48-bit Address: The first ATA standard specified 24 bits for the logical block address (sector), which was later updated to 28 bits. Using 28 bits, one could address up to 137.4 GB (2^28 * 2^9 bytes), which capped the SATA drive size. In 2003, an update to the standard was released to allow 48 bits for the LBA address to get past this issue. No modern SATA drive comes without support for 48-bit addresses.
Read Look-Ahead: Drives supporting this feature keep reading ahead even after the current command is completed. The data is transferred to the buffer for faster response to the host in the case of sequential accesses.
Write Cache: This feature is pretty much self-explanatory, with data being stored in the buffers prior to being committed to the platters. There is a risk of data loss due to power loss. The feature can be disabled by the end user.
Host Protected Area (HPA): Drives supporting this feature have some sectors hidden from the OS. It is usually used by manufacturers to store recovery data, but users can also 'hide' data by allocating sectors to the HPA.
Device Configuration Overlay (DCO): Drives supporting this feature can report modified drive parameters to the host.
Security Mode: Drives supporting this feature can help protect themselves from illegal accesses or setting of new passwords (by freezing such functions). Readers might have encountered frozen security settings for SSDs while trying to secure erase them..
Automatic Acoustic Management: AAM was declared obsolete in the 2010 ATA standards revision. On supported disks, it enables reduction of noise that rise from fast spin-ups of the disk. In general, configure the AAM value to something low would result in a quiet, but slow, disk, while a high value would result in a loud, but fast, disk.
Power Management: Support for this feature enables drives to follow specific power management state transitions via commands from the host. Supported modes include IDLE, SLEEP and STANDBY.
Advanced Power Management (APM): This feature allows setting of a value to allow for disk spindowns as well as adjustment of head-parking frequency. Some disks have proprietary commands for achieving this functionality (for example, the WDIDLE tool from Western Digital can be used with the Green drives).
Interface Power Management: Drives supporting this feature allow for fine-tuning of power consumption by being aware of various interface power modes such as PHY Ready, Partial and Slumber (in the order of power consumption). Transitions from a higher power mode to a lower one usually happen after some period of inactivity. They can be either host-initiated (HIPM) or device-initiated (DIPM). Note that these refer to the SATA interface and not the device itself. As such, they are complementary to the power management feature mentioned earlier.
Power-up in Standby: This SATA feature allows drives to be powered up into the Standby state to minimize inrush current at power-up and allow the host to sequence the spin-up of devices. This is particularly useful for NAS units and RAID environments. Desktop drives usually come with power management disabled, but there are jumper settings on the drive to enable controlled spin-up via ATA standard spinup commands. For drives targeting NAS units, power Power-up in Standby is enabled by default.
SCT Tables: The SMART Command Transport (SCT) tables feature extends the SMART protocol and provides additional information about the drive when requested by the host.
Native Command Queuing (NCQ): This is an extension to the SATA protocol to allow drives to reorder the received commands for more optimal operation.
TRIM: This is a well known feature for readers familiar with SSDs. It is not relevant to any of the drives being discussed today.
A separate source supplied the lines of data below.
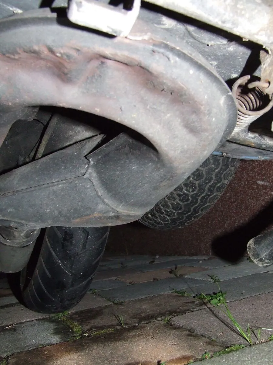 die vespa die ich grad zum richten bekomme habe. der vorbesitzer hat die ganz schön verhunackelt...lackierung soweit ok...trittbrett madigst geschweisst. zylinderhutze nicht montiert, kein luftfilter, vordere bremse nicht intakt, plastiknase locker, hintere bremse total falsch eingestellt, kupplung falsch eingestellt und höchstwarscheinlich im sack (mal kucken). Der jetzige besitzer ist sie ca 2-3 km gefahren und hatte dann direkt nen kleinen reiber...kann er ja nicht wissen, dass da ne hutze draufgehört.
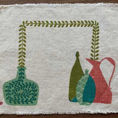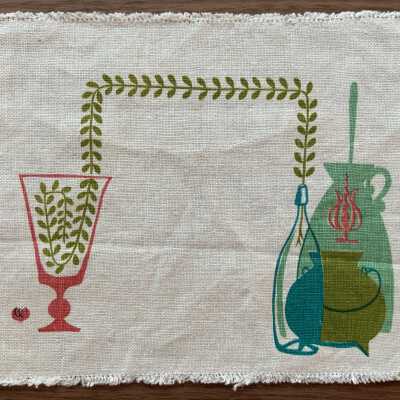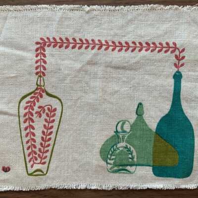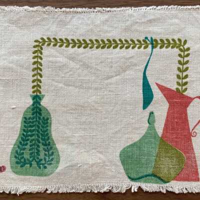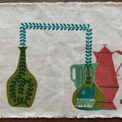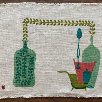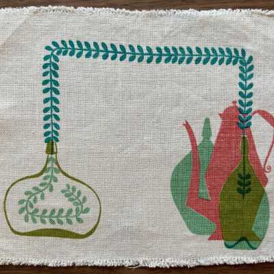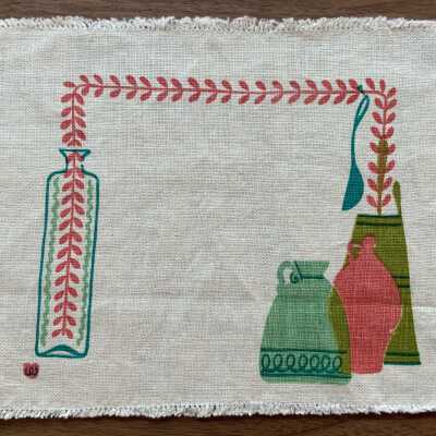 These cocktail napkins appear in the c.1955 brochure “I-Did-It-Myself Aprons by Robert Darr Wert/Country Prints”, and is described in a c.1955 price list, “ 316 New Vines in Old Bottles — Enough said, in pink, turquoise, light aqua and bottle green on white linen, 7 x 9…Set of eight each different.”
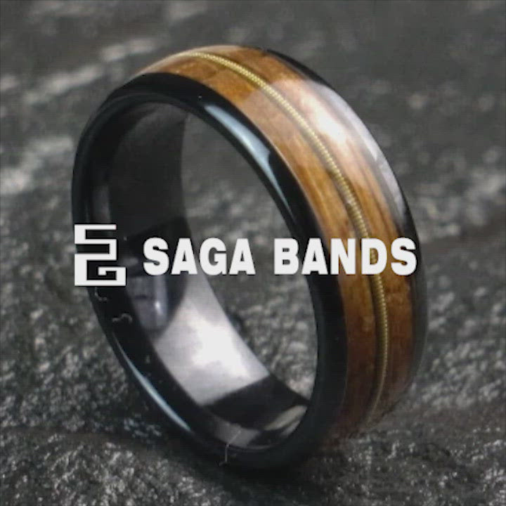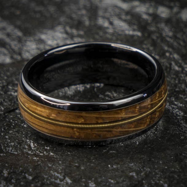 This black ceramic ring with whiskey barrel wood and guitar string, Whiskey barrel wood ring is cut from an old Jack Daniels whiskey barrel and is inlaid with guitar strings. This is a handmade whiskey barrel wood ring and gave him a ring he would wear proudly!
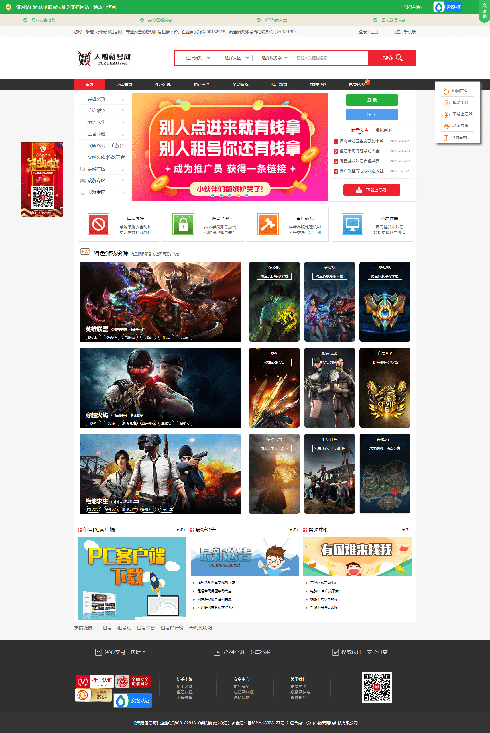 天赐租号网 - 租号平台_专业安全的游戏帐号租借平台
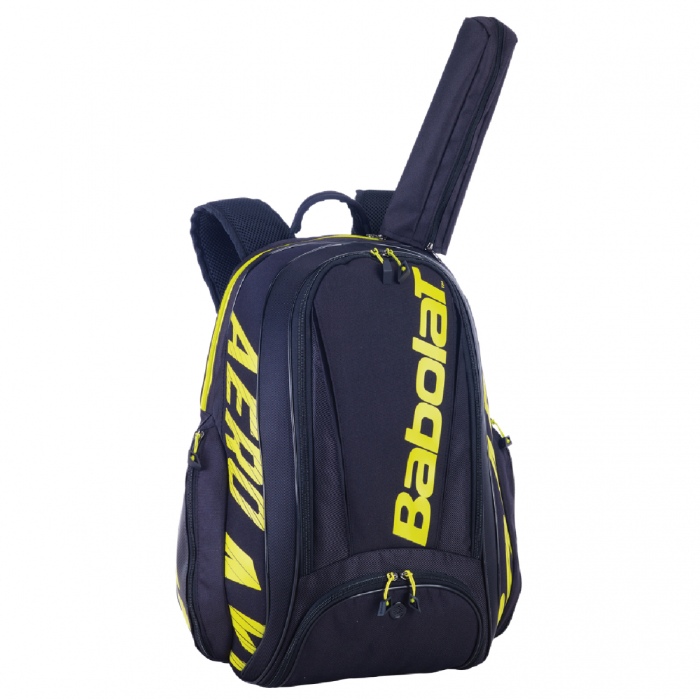 The Babolat Pure Aero black/yellow tennis backpack provides stylish and convenient storage on the go for all your essential tennis gear. This bag features a slick design with stand-out colors to match the best selling Pure Aero franchise of racquets. Easily carry up to 2 of your favorite frames as well as a pair of court shoes and a change of clothes. Ventilated sections allow for airflow when storing items after use, keeping things fresh.
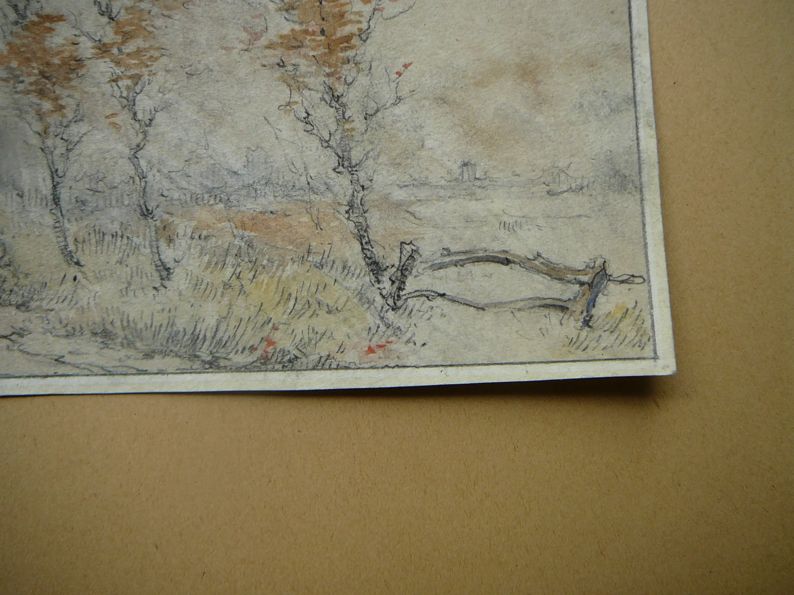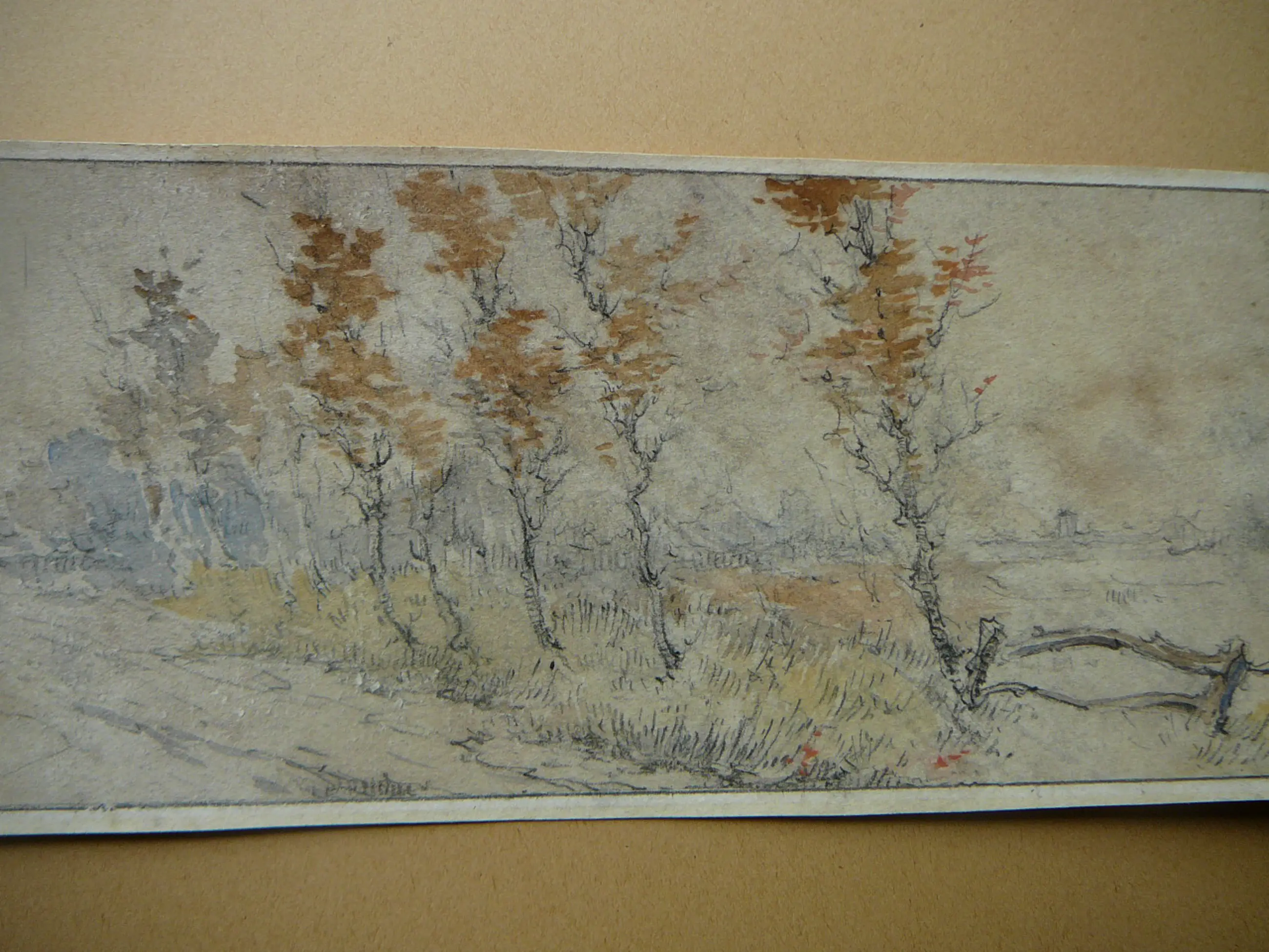 Mooi langwerpig aquarel van landschap met boerderijtjes bij Vught door Charles Grips (1907-1955). . Aquarel en potlood. . Grips werd geboren in een kunstenaarsfamilie, hij was een zoon van de schilder Frits Grips en Hendrika Maria Font Freide. Hij trouwde met Johanna Maria Petronella Ghijben.

We get a better idea of the supported features using FinalWire's AIDA64 system report. The table below summarizes the extra information generated by AIDA64 (that is not already provided by HD Tune Pro).

Comparative HDD Features
Aspect
DMA Setup Auto-Activate	Supported, Disabled	Supported, Disabled
Extended Power Conditions	Supported, Disabled	Supported, Disabled
Free-Fall Control	Not Supported	Not Supported
General Purpose Logging	Supported, Enabled	Supported, Enabled
In-Order Data Delivery	Not Supported	Not Supported
NCQ Priority Information	Supported	Supported
Phy Event Counters	Supported	Supported
Release Interrupt	Not Supported	Not Supported
Sense Data Reporting	Not Supported	Not Supported
Software Settings Preservation	Supported, Enabled	Supported, Enabled
Streaming	Supported, Disabled	Supported, Disabled
Tagged Command Queuing	Not Supported	Not Supported

4 TB NAS and Nearline Drives Face-Off: The Contenders Performance - Raw Drives

PRINT THIS ARTICLE

Post Your Comment
Please log in or sign up to comment.

Comments Locked

62 Comments

View All Comments

shodanshok - Sunday, August 10, 2014 - link
It is not a single post. It is a lengthy discussion of 18 different posts. Let me forward you to the first post: http://marc.info/?l=linux-raid&m=1406709331293...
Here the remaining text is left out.